** Data supplied follows **
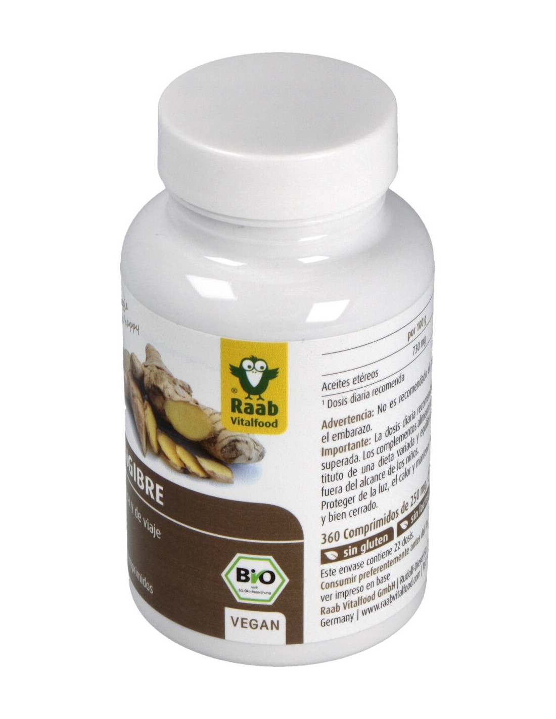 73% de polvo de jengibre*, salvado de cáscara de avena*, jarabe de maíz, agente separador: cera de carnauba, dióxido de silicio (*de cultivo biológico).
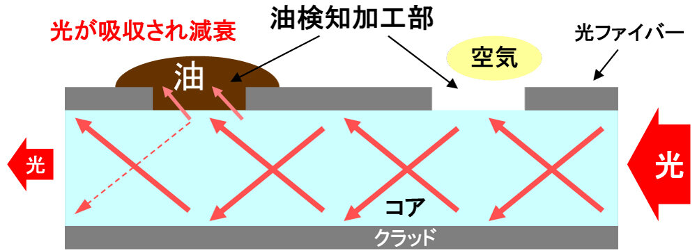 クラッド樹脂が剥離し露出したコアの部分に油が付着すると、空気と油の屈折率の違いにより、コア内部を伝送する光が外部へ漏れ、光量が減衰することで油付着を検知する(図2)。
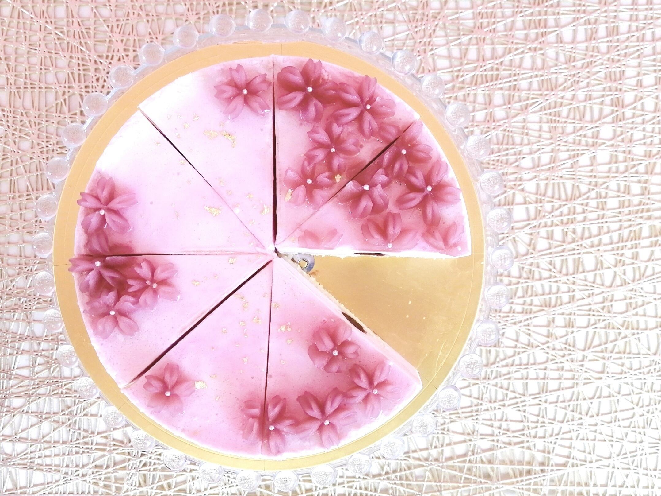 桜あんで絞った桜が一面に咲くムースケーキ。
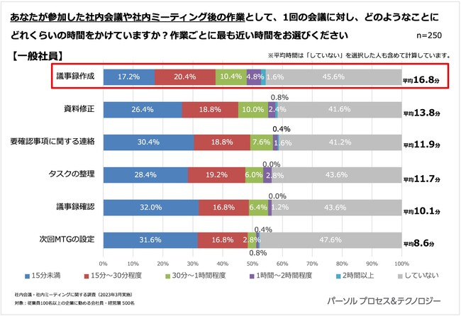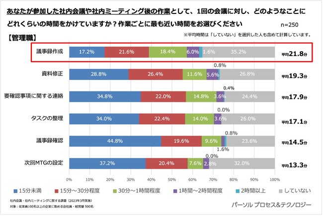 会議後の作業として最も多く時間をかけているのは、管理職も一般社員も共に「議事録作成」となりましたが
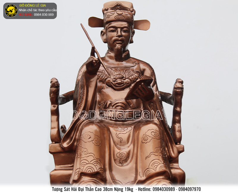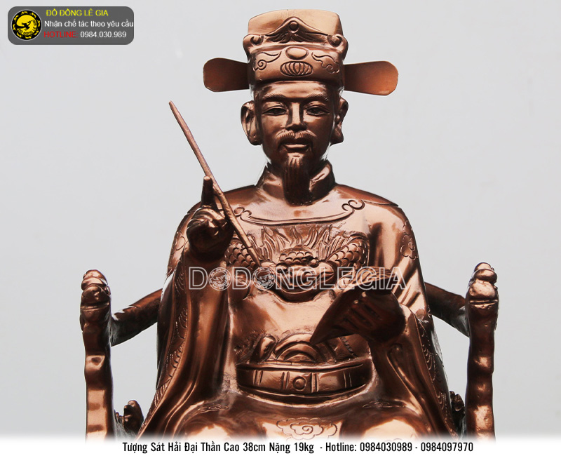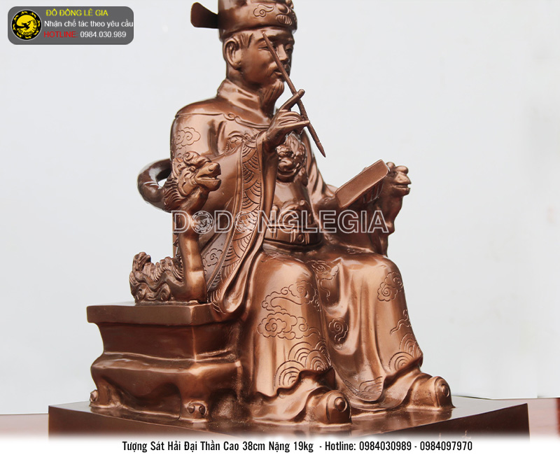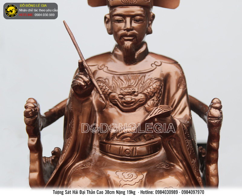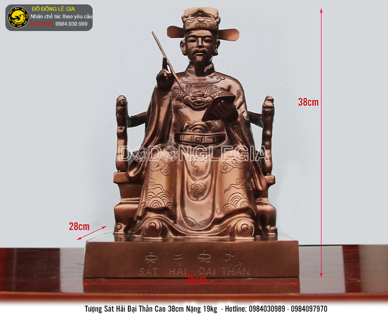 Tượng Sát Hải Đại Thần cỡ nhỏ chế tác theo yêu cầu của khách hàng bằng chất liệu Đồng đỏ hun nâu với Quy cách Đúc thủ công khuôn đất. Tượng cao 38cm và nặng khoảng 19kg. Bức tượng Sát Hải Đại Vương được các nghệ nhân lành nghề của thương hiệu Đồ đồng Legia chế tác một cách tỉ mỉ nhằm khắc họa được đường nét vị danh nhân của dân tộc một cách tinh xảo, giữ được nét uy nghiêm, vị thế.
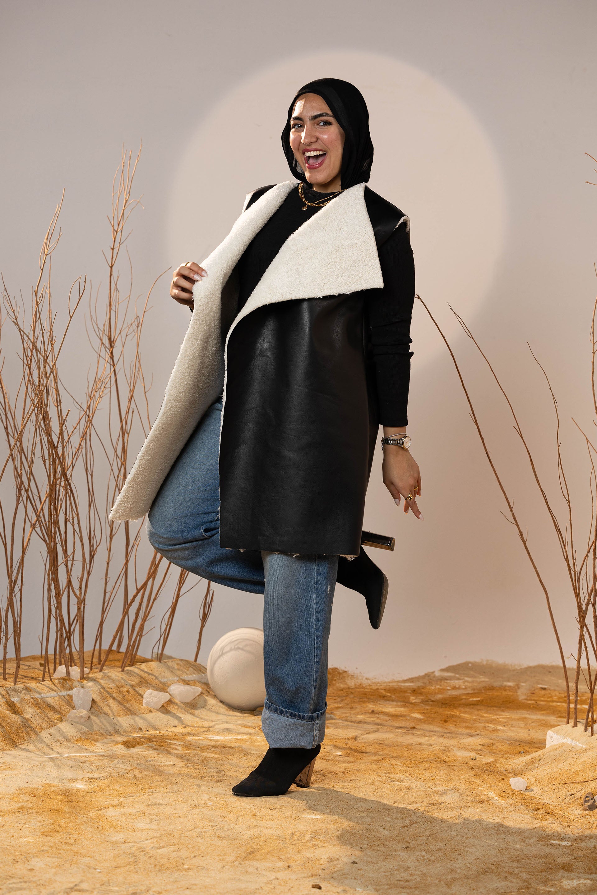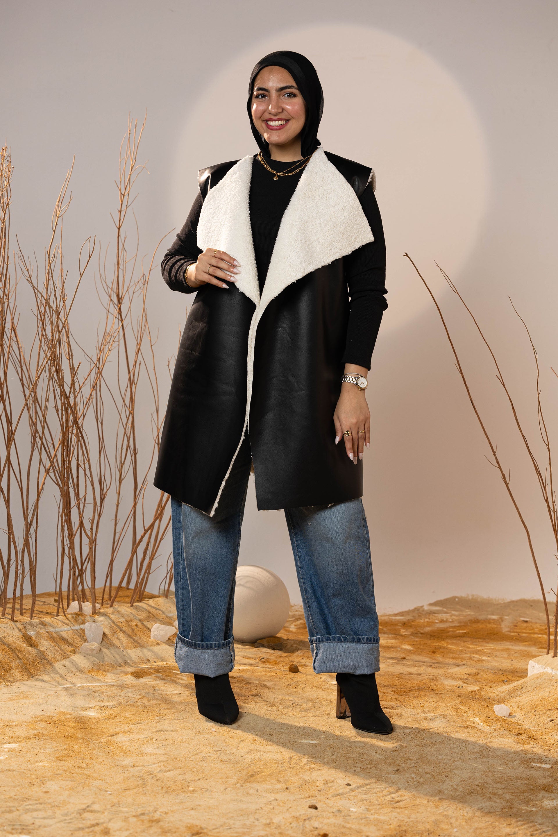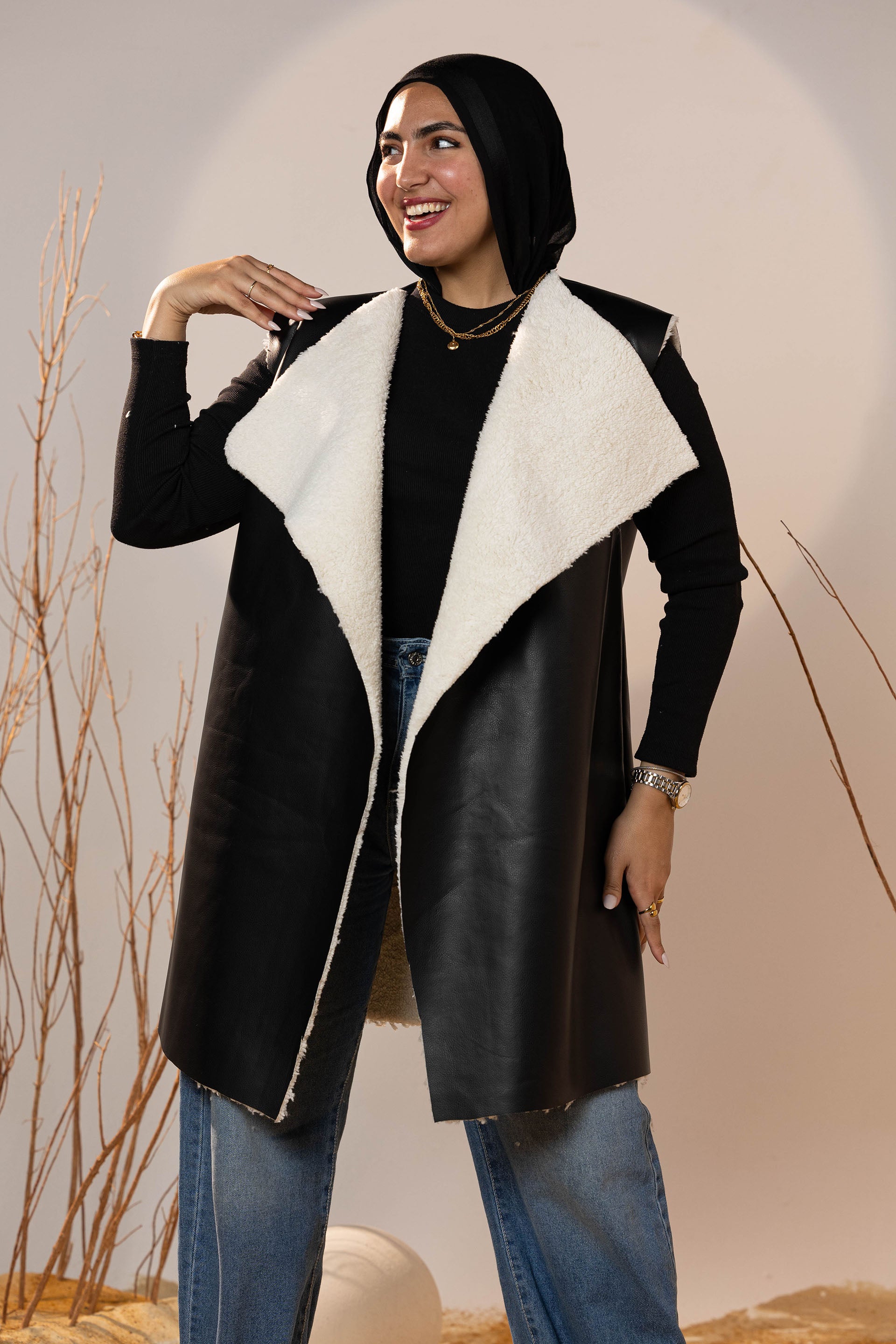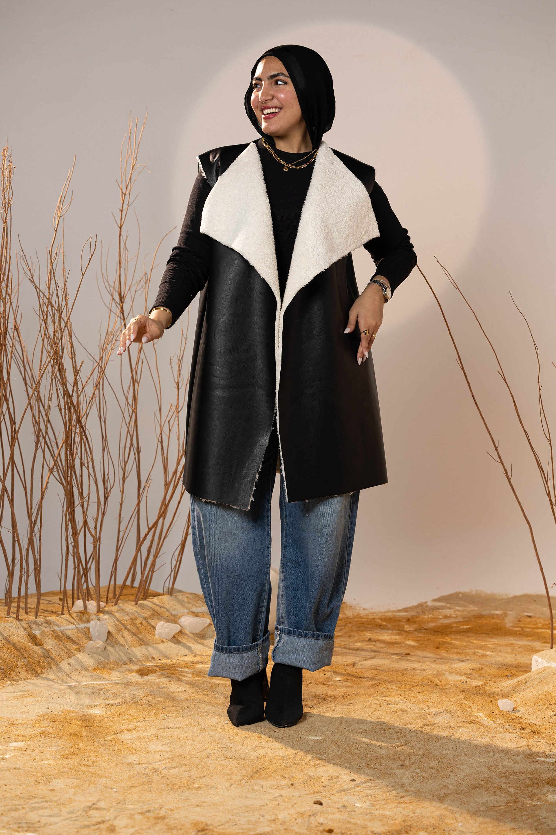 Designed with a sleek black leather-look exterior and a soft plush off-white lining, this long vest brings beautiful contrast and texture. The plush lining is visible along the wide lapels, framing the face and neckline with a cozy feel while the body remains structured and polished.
** End of Data supplied **
** Data supplied follows **
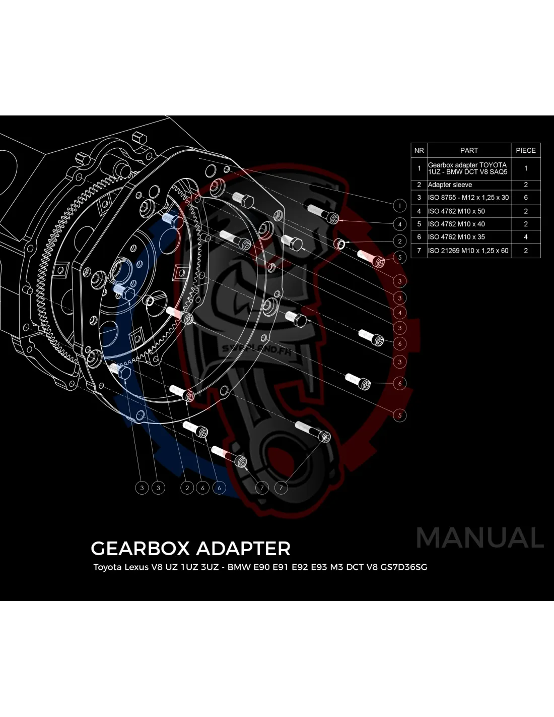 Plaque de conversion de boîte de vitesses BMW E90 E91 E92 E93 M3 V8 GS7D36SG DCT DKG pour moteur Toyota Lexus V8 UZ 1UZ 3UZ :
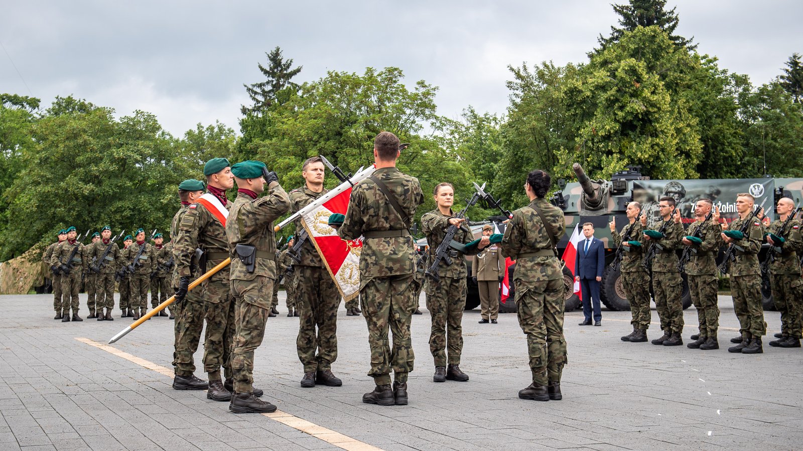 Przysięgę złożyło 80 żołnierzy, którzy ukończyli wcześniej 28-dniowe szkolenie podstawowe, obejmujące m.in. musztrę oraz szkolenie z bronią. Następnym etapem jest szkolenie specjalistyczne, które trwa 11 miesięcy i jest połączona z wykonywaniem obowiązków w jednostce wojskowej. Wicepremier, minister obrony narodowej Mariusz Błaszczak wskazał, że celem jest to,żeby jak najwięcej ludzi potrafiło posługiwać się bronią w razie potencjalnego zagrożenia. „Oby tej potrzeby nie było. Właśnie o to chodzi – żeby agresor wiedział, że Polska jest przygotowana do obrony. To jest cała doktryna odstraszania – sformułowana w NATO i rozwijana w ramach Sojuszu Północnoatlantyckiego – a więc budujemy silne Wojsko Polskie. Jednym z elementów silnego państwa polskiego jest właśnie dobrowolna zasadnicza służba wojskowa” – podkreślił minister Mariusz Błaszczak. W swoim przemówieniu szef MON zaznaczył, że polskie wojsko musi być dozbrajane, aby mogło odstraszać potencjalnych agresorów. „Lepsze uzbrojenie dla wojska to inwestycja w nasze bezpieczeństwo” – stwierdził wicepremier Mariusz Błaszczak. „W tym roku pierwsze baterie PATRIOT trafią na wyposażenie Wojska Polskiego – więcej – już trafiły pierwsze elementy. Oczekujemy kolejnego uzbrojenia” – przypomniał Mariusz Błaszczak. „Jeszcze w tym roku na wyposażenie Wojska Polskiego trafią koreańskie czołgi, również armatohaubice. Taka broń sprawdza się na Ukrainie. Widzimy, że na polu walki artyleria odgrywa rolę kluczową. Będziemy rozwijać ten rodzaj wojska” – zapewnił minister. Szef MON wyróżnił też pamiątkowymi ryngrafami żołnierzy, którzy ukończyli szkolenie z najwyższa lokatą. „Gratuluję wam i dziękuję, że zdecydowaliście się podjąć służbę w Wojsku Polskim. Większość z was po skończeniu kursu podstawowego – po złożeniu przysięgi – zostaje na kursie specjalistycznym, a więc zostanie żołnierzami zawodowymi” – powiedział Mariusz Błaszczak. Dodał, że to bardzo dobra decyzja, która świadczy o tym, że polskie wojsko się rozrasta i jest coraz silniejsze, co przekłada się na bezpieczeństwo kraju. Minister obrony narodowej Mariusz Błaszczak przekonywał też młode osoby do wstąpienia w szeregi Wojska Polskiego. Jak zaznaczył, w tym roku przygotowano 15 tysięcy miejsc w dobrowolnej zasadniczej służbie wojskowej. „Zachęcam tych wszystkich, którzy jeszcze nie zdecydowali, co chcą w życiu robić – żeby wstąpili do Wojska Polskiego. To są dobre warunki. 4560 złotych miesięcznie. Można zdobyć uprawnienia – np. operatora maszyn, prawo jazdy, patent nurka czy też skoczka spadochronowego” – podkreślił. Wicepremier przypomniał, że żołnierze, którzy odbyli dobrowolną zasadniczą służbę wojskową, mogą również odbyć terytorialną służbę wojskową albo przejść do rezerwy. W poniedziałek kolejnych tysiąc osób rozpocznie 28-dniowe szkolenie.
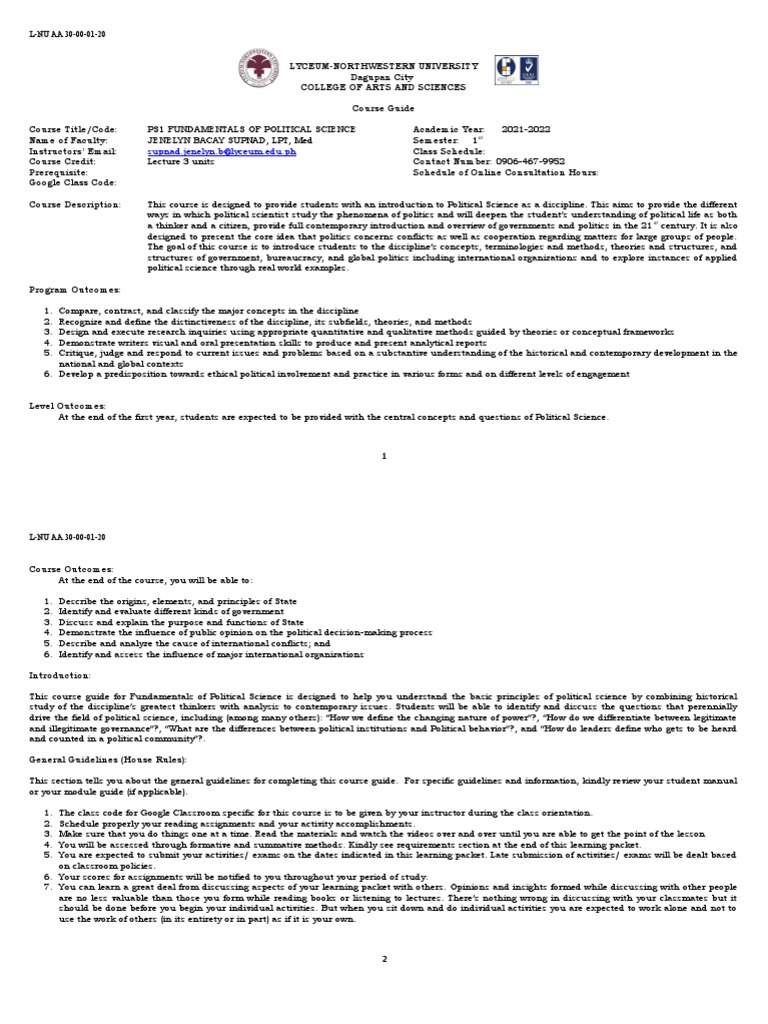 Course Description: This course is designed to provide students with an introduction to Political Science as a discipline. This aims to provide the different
** End of Data supplied **
→ **What you should do**: All pictures are to be skipped. Output, word for word, the lines in the data above starting at the line containing "クラッド樹脂が剥離し露出した" and ending at the line containing "Designed with a".

→ **Task answer**:
 クラッド樹脂が剥離し露出したコアの部分に油が付着すると、空気と油の屈折率の違いにより、コア内部を伝送する光が外部へ漏れ、光量が減衰することで油付着を検知する(図2)。
 桜あんで絞った桜が一面に咲くムースケーキ。
 会議後の作業として最も多く時間をかけているのは、管理職も一般社員も共に「議事録作成」となりましたが
 Tượng Sát Hải Đại Thần cỡ nhỏ chế tác theo yêu cầu của khách hàng bằng chất liệu Đồng đỏ hun nâu với Quy cách Đúc thủ công khuôn đất. Tượng cao 38cm và nặng khoảng 19kg. Bức tượng Sát Hải Đại Vương được các nghệ nhân lành nghề của thương hiệu Đồ đồng Legia chế tác một cách tỉ mỉ nhằm khắc họa được đường nét vị danh nhân của dân tộc một cách tinh xảo, giữ được nét uy nghiêm, vị thế.
 Designed with a sleek black leather-look exterior and a soft plush off-white lining, this long vest brings beautiful contrast and texture. The plush lining is visible along the wide lapels, framing the face and neckline with a cozy feel while the body remains structured and polished.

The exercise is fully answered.